Ma appunto da questo operare umile e discreto di molti non sempre emerge l’esemplarità del loro impegno, tanto che solo il buon Dio, che vede tutto, li premierà un giorno.
Mentre poche persone, che per l’ambito in cui sono impegnate o per il loro modo di operare emergono presso l’opinione pubblica così che queste associazioni che desiderano metter in luce l’impegno sociale finiscono per avere poca scelta e, se si esclude qualche caso, finiscono a dare sempre agli stessi questi riconoscimenti.
Questo è il mio caso, l’adoperare i mass media per denunciare cose storte o per promuovere iniziative positive ha fatto sì che, nonostante la mia pochezza, sia diventato un personaggio di una certa notorietà a Mestre-Venezia.

Alcuni anni fa fui premiato dalla scuola grande di San Rocco con una medaglia d’oro veramente consistente. Ricordo d’aver regalato a mia volta suddetta medaglia alla dottoressa Lina Tavolin che per molti anni s’è addossata l’onere di portare fuori dalle secche “Il Germoglio”; Centro polifunzionale per l’infanzia della comunità di Carpenedo e di farne con il suo sacrificio e la sua competenza la migliore scuola d’infanzia della città. La signora Lina meritava certamente più di me questa grossa medaglia dell’antica confraternita veneziana, per il suo lavoro silenzioso, generoso e quanto mai positivo.

Mi è venuto in mente questo episodio qualche giorno fa quando suor Angela Salviato, l’angelo dei poveri di Mestre, silenziosa ed instancabile m’ha regalato la medaglia che lo scorso anno la scuola di San rocco le ha consegnato in giusto riconoscimento dei suoi meriti. Avrei certamente qualcuno a cui passarla in riconoscimento delle sue virtù, ma quasi certamente sarò costretto a venderla o a cederla al miglior offerente per pagare il Centro di Campalto!

Il volto del Signore si vede anche nell’Arte, non solo in “lodi” e “vesperi”!

Sono sempre stato un appassionato cultore d’arte. La pittura, la scultura ed ogni forma artistica mi hanno incantato e riempito di ebbrezza. Questo amore, che mi è stato trasmesso sui banchi del liceo da monsignor Vecchi, mi ha spinto a diventare anche un appassionato collezionista ed un promotore di ogni forma d’arte.
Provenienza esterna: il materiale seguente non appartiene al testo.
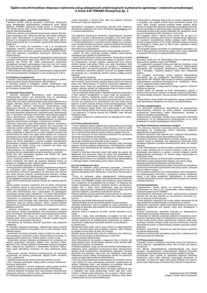 Ogólne warunki handlowe dotyczące wykonania usług zabezpieczeń antykorozyjnych (cynkowania ogniowego i malowania proszkowego) w firmie Z-M TOMABO Dereżyńscy Sp. J. § 1 Informacje ogólne, zawieranie umów/zleceń 1.Niniejsze warunki dotyczą wszystkich umów/zleceń dotyczących usług zabezpieczeń antykorozyjnych zawieranych przez Zakład Metalowy „TOMABO” Dereżyńscy Spółka Jawna, ul. Wyszyńskiego 135, 66-400 Gorzów Wlkp. zwanym dalej Zleceniobiorcą, a klientem zwanym dalej Zleceniodawcą. 2.Odmienne warunki umowy/zlecenia proponowane poprzez Zleceniodawcę obowiązują tylko i wyłącznie wówczas, gdy zostały zaakceptowane przez Zleceniobiorcę w jednoznaczny sposób i na piśmie. Dotyczy to w szczególności dodatkowych zmian i zastrzeżeń dokonywanych telefonicznie lub w inny sposób z pracownikami Działu Obsługi Klienta W-2. 3. Żadne inne osoby, niż wymienione w pkt 2 (w szczególności brygadziści zmianowi wydziału ocynkowni) nie są uprawnione do uzgadniania zmian warunków wykonania zlecenia, warunków handlowych oraz zawierania umów/zleceń dotyczących wykonania usług antykorozyjnych. 4. W umowach/zleceniach dotyczących zabezpieczeń antykorozyjnych nadrzędne zastosowanie mają normy PN-EN ISO 1461 (cynkowanie ogniowe) oraz PN-EN ISO 12944 (malowanie).W przypadkach szczególnych wymagań wykraczających poza treść w/w norm wymagane jest pisemne ustalenie warunków wykonania i odbioru powłok poprze Zleceniodawcę i Zleceniobiorcę. 5. Zleceniodawca zobowiązany jest do przestrzegania przepisów BHP oraz ochrony środowiska wynikających z norm wymienionych w pkt 4. § 2 Realizacja umowy/zlecenia 1.Wszelkie umowy/zlecenia realizowane będą po pisemnym potwierdzeniu warunków poprzez Zleceniodawcę i Zleceniobiorcę. 2. Informacje zawarte w katalogach, ulotkach reklamowych mają jedynie charakter orientacyjny. Zleceniobiorca zastrzega sobie prawo do ich zmiany w każdej chwili. § 3 Obowiązki Zleceniodawcy 1. Elementy przekazane Zleceniobiorcy celem zabezpieczenia antykorozyjnego powinny być dostarczone wraz ze specyfikacją zawierającą nazwę detalu, ilość sztuk oraz ciężar całkowity. 2.Ilośc sztuk oraz ciężar całkowity podane przez Zleceniodawcę nie są wiążące. Stanowią jedynie pomoc dla pracowników Zleceniobiorcy celem dalszych czynności pomiarowych. Zleceniobiorca zważy dostarczone elementy na wagach zainstalowanych na terenie Z-M TOMABO, które posiadają świadectwa legalizacji Urzędu Miar i Wag. Dla dużej liczebności dostarczonych elementów przez zleceniodawcę oraz w warunkach utrudnionej kontroli ilości sztuk podczas przyjęcia towaru Zleceniobiorca przyjmie przybliżoną ilość sztuk jedynie w celach orientacyjnych i nie ponosi odpowiedzialności za późniejsze roszczenia zleceniodawcy wynikające z rozbieżności w sztukach. 3.Elementy dostarczane przez Zleceniodawcę własnym transportem, celem zabezpieczeń antykorozyjnych powinny być dostosowane do rozładunku wózkiem widłowym lub urządzeniami dźwigowymi, stosując palety drewniane, stojaki, przekładki drewniane. Drobne elementy należy zapakować w pojemniki lub na palety dokładnie owinięte folią termokurczliwą lub strecz oraz spięte taśmą stalową lub z tworzywa sztucznego w taki sposób, aby nie zagrażały zdrowiu i życiu pracowników Zleceniobiorcy dokonujących rozładunku. Dostarczone elementy, których nie można rozładować z użyciem urządzeń mechanicznych Zleceniodawca rozładuje samodzielnie na wskazane przez Zleceniobiorcę palety lub stojaki. Pomoc przy rozładunku jest dobrą wolą Zleceniobiorcy, a nie obowiązkiem! 4.Zleceniodawca ma obowiązek do przystosowania dostarczonych konstrukcji, tak aby odpowiadały wymogom stawianym w normach PN-EN ISO 1461 (cynkowanie ogniowe) oraz PN-EN ISO 12944 (malowanie), a w szczególności: -spoiny konstrukcji powinny być wykonane półautomatem w osłonie gazów ochronnych. Nie zaleca się spawania elektrodą otuloną, ze względu na wystąpienie braku ciągłości powłoki cynkowej, w przypadku nie oczyszczenia zgorzeliny spawalniczej, -zanieczyszczenia nieusuwalne w procesie przygotowania powierzchni do cynkowania stare powłoki malarskie, oznakowanie farbami, permanentnymi markerami stosowanymi do trasowania oraz identyfikacji detali podczas produkcji, zanieczyszczenia lakierami, smołami żywicznymi, środkami anty odpryskowymi, spieki spawalnicze muszą by bezwzględnie usunięte przez Zleceniodawcę, -każdy element konstrukcyjny powinien składać się z jednego gatunku stali, -jakość powłoki cynkowej uzależniona jest od składu chemicznego stali. Zawartość krzemu w stali powinna wynosić poniżej 0,03% lub mieścić się w przedziale od 0,014% do 0,25 %. W przypadku zastosowania przez Zleceniodawcę stali o własnościach nie spełniających powyższego wymogu należy powiadomić o tym fakcie Zleceniobiorcę oraz przedstawić certyfikat zakupu z podanym składem chemicznym, -nierówności na powierzchni stali, takie jak zawalcowania, wżery zgorzelinowe, wżery korozyjne, łuski, naderwania i inne nieciągłości po cynkowaniu stają się bardziej widoczne. Celem uzyskania gładkiej powierzchni po cynkowaniu Zleceniodawca musi dostarczyć element o gładkiej powierzchni, - elementy konstrukcyjne muszą posiadać odpowiednie otwory technologiczne, służące odpowietrzeniu oraz swobodnemu przepływu cynku na zewnątrz i wewnątrz elementu oraz do zawieszenia na linii do cynkowania. Elementy rurowe do długości L=2,2 metra muszą posiadać jeden otwór na podwieszenie, natomiast powyżej długości L=2,2 metra muszą posiadać dwa otwory, - niewskazane są zamknięte przekroje skrzynkowe oraz połączenia nakładkowe. W przypadku połączenia spawanego, nakładkowego spoina powinna być wykonana szczelnie ze wszystkich stron (w razie potrzeby należy szlifować spawy), - konstrukcje nie powinny posiadać małych szczelin lub wnęk, ponieważ powodują po cynkowaniu wyp

Mi pare che “La cella”, la galleria che ho aperto tanti anni fa alla base del campanile di Carpenedo, abbia ospitato finora quasi quattrocento e cinquanta mostre e l’attività ambiziosa a favore degli artisti di Mestre e del Veneto s’è sviluppata e cresciuta poi mediante le biennali d’arte sacra e gli incontri asolani, ai quali aderirono a decine e decine gli artisti della zona che finalmente scoprivano nella comunità cristiana un punto sicuro di riferimento e di confronto.

Non tutti i progetti sono andati in porto, ma comunque quel tempo è stato una bella stagione per me, per la parrocchia e per gli artisti con i quali s’era iniziato un dialogo di riconciliazione verso quella chiesa dalla quale essi avevano divorziato da ormai troppo tempo. Quella stagione in cui la comunità cristiana s’era aperta ai tempi nuovi mediante l’arte, la musica, le rassegne corali, lo sport, la comunicazione sociale con la stampa e la radio ha segnato anche un arricchimento di opere d’arte moderna. Il don Vecchi, che possiede solamente una parte delle opere d’arte disseminate in tutte le strutture parrocchiali, ma comunque possiede di certo la più grande galleria cittadina.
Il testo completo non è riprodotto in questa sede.